Task to complete
What you give back from the listing below should be an exact copy of the lines from the one with "In a landmark" down to the one with "雷军曾介绍,小米SU7的半隐", and it should contain no pictures.

Data to examine
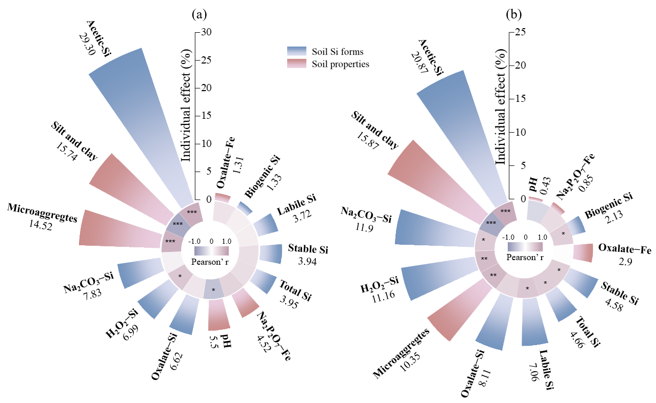 中国科学院华南植物园生态中心博士研究生余恒等人依托建立的“林冠、林下氮添加模拟大气氮沉降”野外控制实验平台,探讨了不同氮添加方式对土壤硅组分的差异性影响及其机制。结果表明,不同氮添加方式对土壤硅组分的影响不同:林冠氮添加显著提高了土壤氯化钙提取态硅(植物有效硅)、乙酸提取态硅和草酸提取态硅的含量,主要归因于低结晶度成土氧化物的增加,可能为有效硅提供了更多的吸附位点;林下氮添加则通过显著降低土壤 pH 并提高土壤有机碳含量,增强了非晶态/生物源硅组分(如过氧化氢提取态硅、碳酸钠提取态硅和土壤植硅体)的含量。值得注意的是,植物有效硅仅在深层土壤中与碳酸钠提取态硅和土壤植硅体呈显著正相关,但在表层和审查土壤中与乙酸提取态硅和过氧化氢提取态硅显著正相关。本研究发现,土壤中的植硅体可能并非植物有效硅的唯一来源,吸附/解吸过程也是调控土壤硅有效性的关键机制之一。上述结果揭示了不同氮添加方式对土壤硅组分的差异性机制,在评估大气氮沉降对森林生态系统硅生物地球化学循环影响时,应充分考虑林冠生态过程。
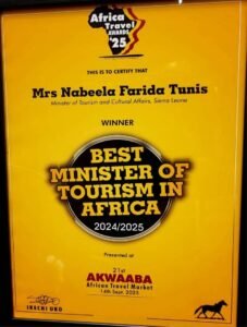 In a landmark moment for Sierra Leone, Mrs. Nabeela Farida Tunis, the country’s Minister of Tourism and Cultural Affairs, has been crowned Best Minister of Tourism in Africa at the 21st AKWAABA African Travel Market.
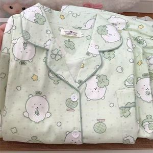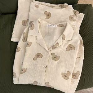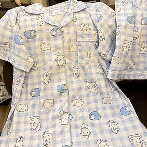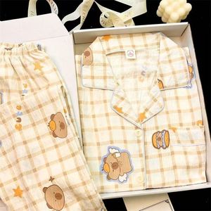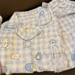 卡通蓝格小熊睡衣女春秋季长袖长裤ins套装日系少女可外穿家居服
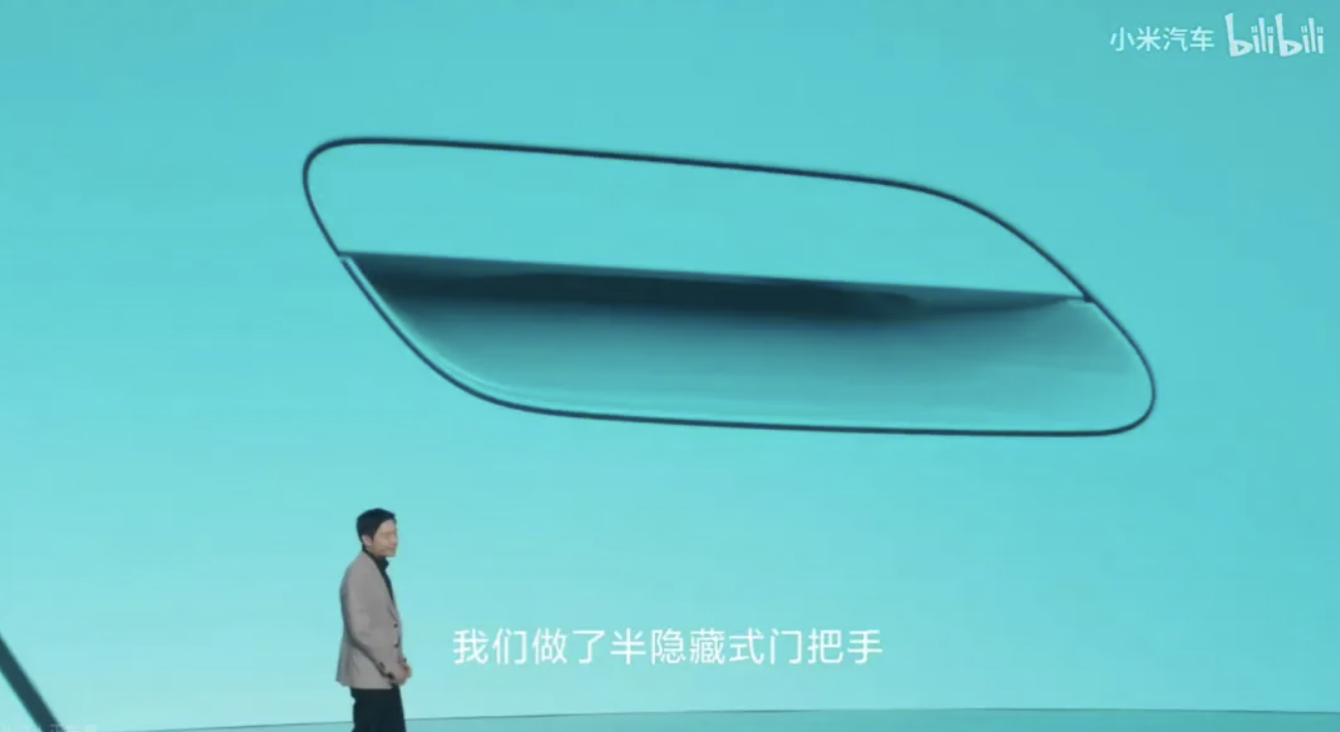 雷军曾介绍,小米SU7的半隐藏式门把手"采用固定式设计,通过按压内部微动开关实现电动解锁,无需物理抬起就能开门"。
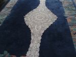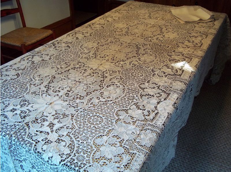 Comments: A banquet-sized tablecloth and napkins of probably Italian needlelace and free reticella, with provenance. It’s a fairly heavy design that does not appear to have been much used. A little light staining. The ground decoration is quite interesting, but the flower and leaf motifs are a bit conventional. The very best of these pieces have extensive figural work – this one is a bit plain.
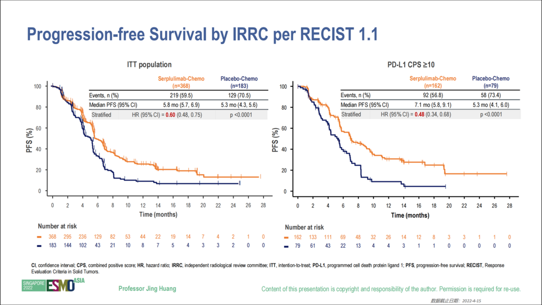 主要终点方面,斯鲁利单抗联合化疗组的中位PFS(由IRRC据RECIST v1.1评估)和中位OS均较安慰剂联合化疗组显著延长,CPS≥10人群获益更大。两组总人群中位OS分别为15.3m vs 11.8m(HR=0.68,p=0.0020),死亡风险降低32%;CPS≥10人群中位OS分别为18.6m vs 13.9m(HR=0.59,p=0.0082),死亡风险降低41%(见图3)。两组总人群中位PFS分别为5.8m vs 5.3m(HR=0.60,p<0.0001),疾病进展风险降低40%;CPS≥10人群中位PFS分别为7.1m vs 5.3m(HR=0.48,p<0.0001),疾病进展风险降低52%(见图4)。

Completed task
 In a landmark moment for Sierra Leone, Mrs. Nabeela Farida Tunis, the country’s Minister of Tourism and Cultural Affairs, has been crowned Best Minister of Tourism in Africa at the 21st AKWAABA African Travel Market.
 卡通蓝格小熊睡衣女春秋季长袖长裤ins套装日系少女可外穿家居服
 雷军曾介绍,小米SU7的半隐藏式门把手"采用固定式设计,通过按压内部微动开关实现电动解锁,无需物理抬起就能开门"。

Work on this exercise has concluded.